Alla fine, in Explanation for Everything, non c’è “una spiegazione a tutto”. Secondo lei il film compie una presa di posizione?
R:Secondo me no. Era evidente che se poniamo dei giudizi roviniamo la missione del film, che è quella di cercare di comprendere le sofferenze di entrambi i lati. Il titolo, in ungherese Magyarázat mindenre, è nato perché volevo includere in qualche modo la parola “Magyar” (ungherese). Il “tutto” del titolo intende tutto, entrambe le posizioni. Mi viene in mente un momento in cui un padre dice che il figlio trova sempre una scusa o spiegazione per le sue azioni.
Non vengono mai citati canali di media esistenti nell’opera, c’è un motivo per questo?
B: Non potevamo. Volevamo includere nomi di canali e giornali esistenti, abbiamo contattato moltissimi enti per chiedere il permesso, all’inizio si sono dimostrati disponibili ma appena spiegavamo di cosa tratta il film, nella maggior parte smettevano di rispondere, o chiedevano se si trattasse di un “film politico”, e si dileguavano.
R: Secondo la mia mentore, Eva Schultze, sulla preproduzione, produzione e la reazione della stampa si potrebbe fare un intero documentario. Le persone se la fanno addosso appena percepiscono che qualcosa è politico. Io non progetto di fare concorso in enti pubblici ma sicuramente temo che il fisco inizierà ad indagarmi, o alla peggio che qualcuno mi assalga per strada.
Ad un certo punto, il professore nel film afferma che, nel clima di oggi, non è possibile porre certe domande senza giudizio. Lei si è mai sentito, durante la produzione, di non poter toccare certi temi, porsi certe domande?
R: No. C’erano scene che avrebbero spiegato meglio la storia della Coccarda, in una versione della sceneggiatura c’era l’intervento di esperto storico che avrebbe compiuto un escursus da un paio di minuti, ma poi abbiamo deciso di lasciar perdere, perché era superfluo.

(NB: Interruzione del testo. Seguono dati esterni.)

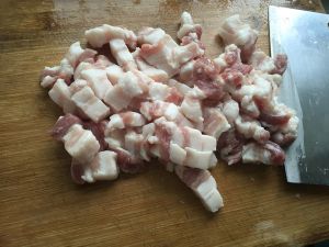 挑选适合自己口味的五花肉,肥一点瘦一点自己决定,切块备用
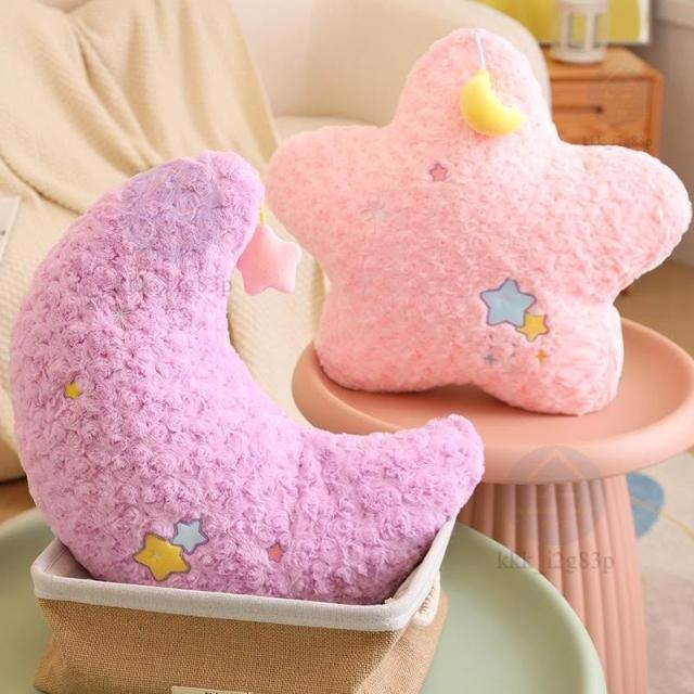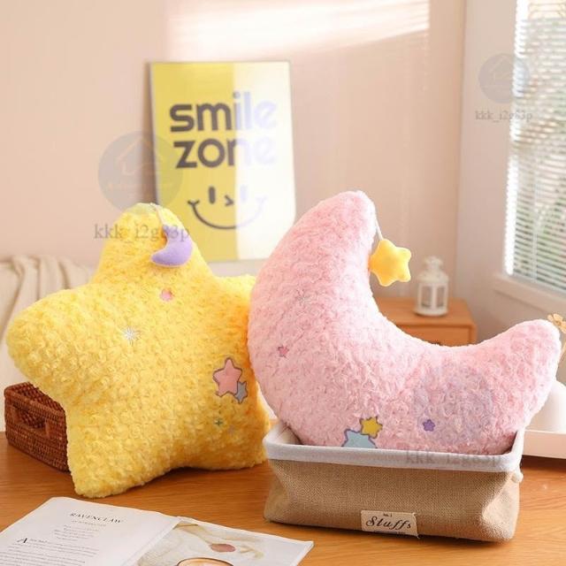 可愛抱枕 小星星抱枕 毛絨玩具公仔 月亮靠墊 沙發靠枕 少女心靠墊 超軟抱枕 玩偶禮物

Il lungometraggio esce nelle sale ungheresi ad Ottobre. Quale reazione vi aspettate?
R: È un po’ ingenuo sperarlo ma vorrei che generi un dialogo che possa riunire un paese distrutto. In primo luogo spero in questo. Bisogna lavorarci per forza. È bello pensare che abbiamo fatto qualcosa per contribuire. Poi è legittimo anche ritenere che il tutto sia un’impresa alla Don Chisciotte, ma bisogna comunque farlo.
In Italia, il film verrà distribuito nelle sale da I Wonder Pictures.